» DIRECTIONS: The material below is to be copied exactly from the line with "③ハイタッチキッズイメージ" up to and including the line with "Forsthaus-Garten zwischen Laube", with nothing else kept and no pictures.

» RECORDS FOR THE EXERCISE:
+++

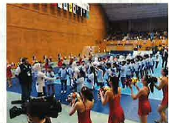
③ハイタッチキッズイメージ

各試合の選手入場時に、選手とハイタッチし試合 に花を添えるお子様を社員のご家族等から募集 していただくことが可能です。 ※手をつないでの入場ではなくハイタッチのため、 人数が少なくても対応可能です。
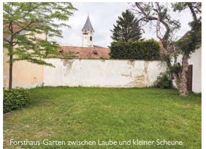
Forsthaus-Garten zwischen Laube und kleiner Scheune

+++

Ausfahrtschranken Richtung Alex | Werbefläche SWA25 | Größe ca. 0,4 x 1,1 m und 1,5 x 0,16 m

+++

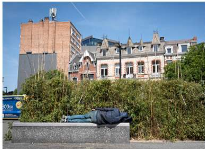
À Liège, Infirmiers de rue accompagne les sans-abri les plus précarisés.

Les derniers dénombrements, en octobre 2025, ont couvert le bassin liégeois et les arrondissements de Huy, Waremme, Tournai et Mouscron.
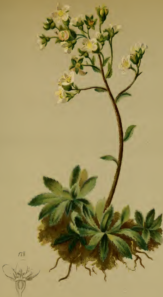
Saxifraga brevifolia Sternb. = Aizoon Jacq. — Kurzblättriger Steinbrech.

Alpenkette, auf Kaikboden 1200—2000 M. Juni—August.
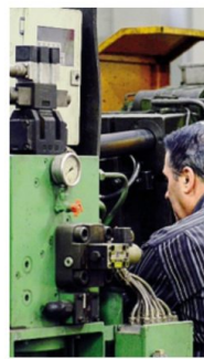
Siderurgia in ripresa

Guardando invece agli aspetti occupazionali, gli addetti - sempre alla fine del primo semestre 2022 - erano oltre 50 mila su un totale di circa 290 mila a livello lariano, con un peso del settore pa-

+++

» RESPONSE TO THE EXERCISE:
③ハイタッチキッズイメージ

各試合の選手入場時に、選手とハイタッチし試合 に花を添えるお子様を社員のご家族等から募集 していただくことが可能です。 ※手をつないでの入場ではなくハイタッチのため、 人数が少なくても対応可能です。
Forsthaus-Garten zwischen Laube und kleiner Scheune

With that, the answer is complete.